Je désirerais bien aller à Lyon ; j’y ai à faire pour divers objets, mais je n’ai devancé notre ami qu’à cause de la campagne et tout y presse. On va vendanger autour de cette ville la semaine prochaine ; il faut que j’en fasse autant sous douze jours, et je n’ai rien de préparé. Le raisin est misérable partout et le vin très cher ; la sécheresse a tout grillé dans notre domaine ; il n’y a pas plu depuis la Saint-Jean ; l’eau manque et la verdure n’est plus que de la paille séchée ; je n’ai pas même une salade à manger. Si l’on ne cueille le raisin incessamment, les premières pluies le feront pourrir et tomber.

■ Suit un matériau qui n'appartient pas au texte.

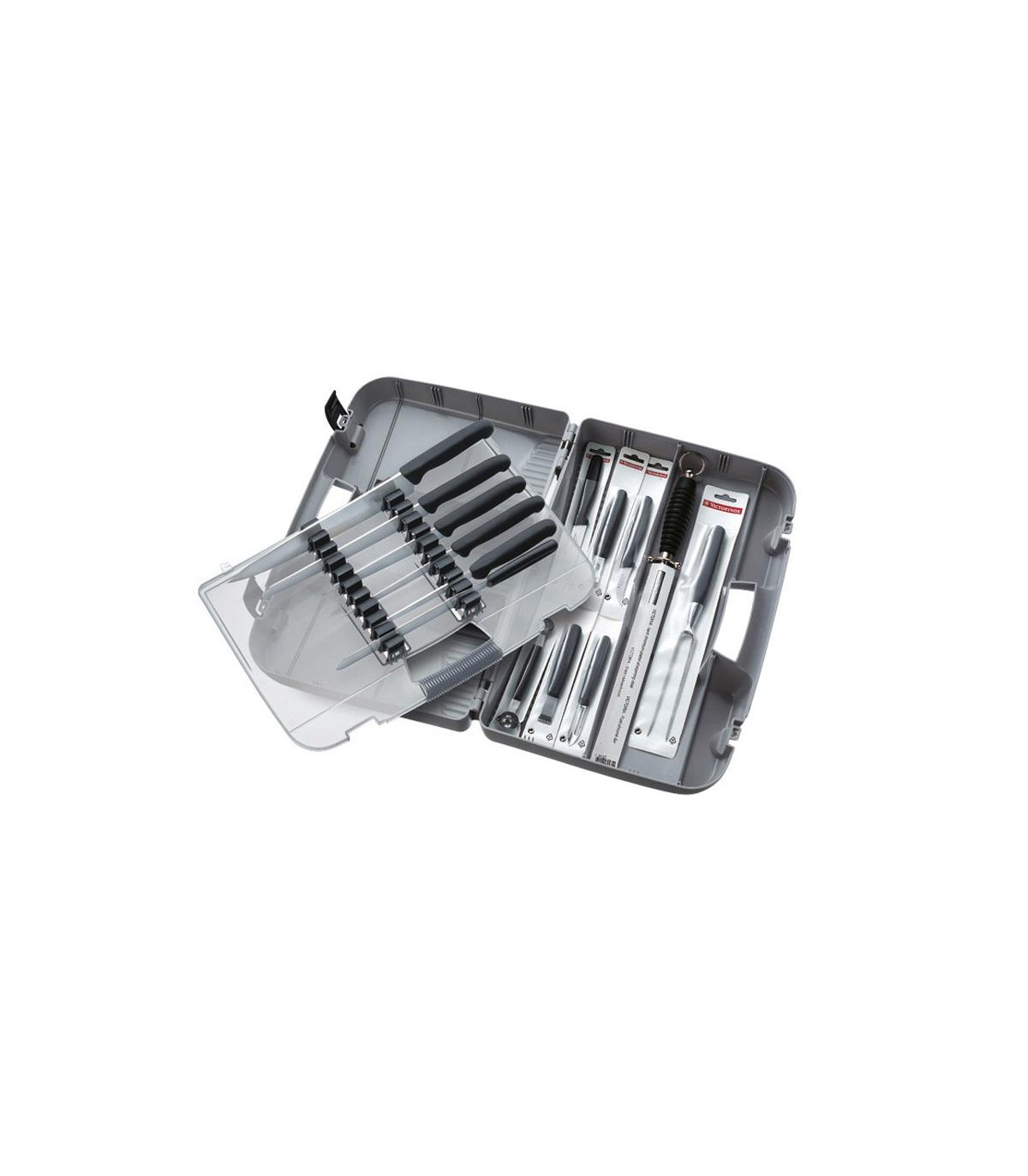 Victorinox 5.4903 Valise cuisinier grise (46 x 31 cm), contient un assortiment de 14 couteaux/outils manche noir

Je n’ai pas un moment à moi, je suis excédée et il me faut plus d’activité que jamais. Jugez de ce qui me commande, puisqu’il me faudrait faire habiller ma fille, ce que je ne puis exécuter qu’à Lyon, et que cependant j’ignore quand je pourrai m’y rendre.
Vous, homme, si vous pouviez, dans la semaine prochaine, me donner quelques instants dans mon ermitage, vous me feriez un grand plaisir. J’ai avec moi une femme de Paris, de mes amies, qui m’a accompagnée à cent lieues pour me faire une petite visite.

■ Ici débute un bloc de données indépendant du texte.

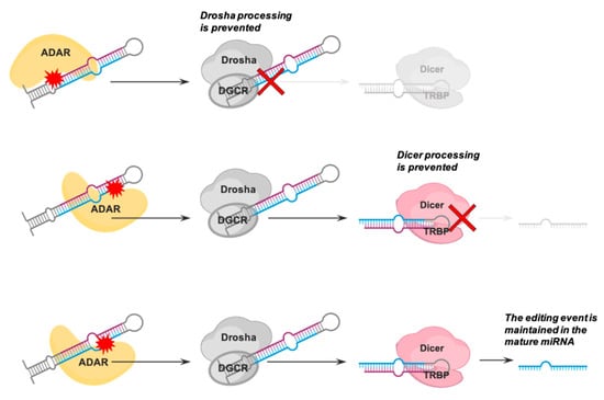 Steps of miRNA biogenesis at which adenosine to inosine (A-to-I) RNA editing can prevent the processing of pri- or pre-miRNA. In certain cases, however, the A-to-I editing event does not impair miRNA biogenesis and is maintained in the mature miRNA.

Veuillez dire pour moi mille bonnes choses à M. Servan ; je vais lui adresser la même prière.
J’honore, je salue, j’aime et j’embrasse votre tant aimable moitié ; je voudrais la voir dans ma solitude et j’enrage d’être si loin que je n’ose pas même presser une mère de famille de venir me voir ; il y aurait une sorte de présomption, quand le loisir et les circonstances ne sont pas telles (sic) qu’on puisse me donner quinze ou du moins huit jours.
Recevez mille amitiés et les nouvelles assurances d’un attachement plus inviolable qu’un député. Soyez assez complaisant pour m’écrire ; je suis tombée du ciel et accablée de soins.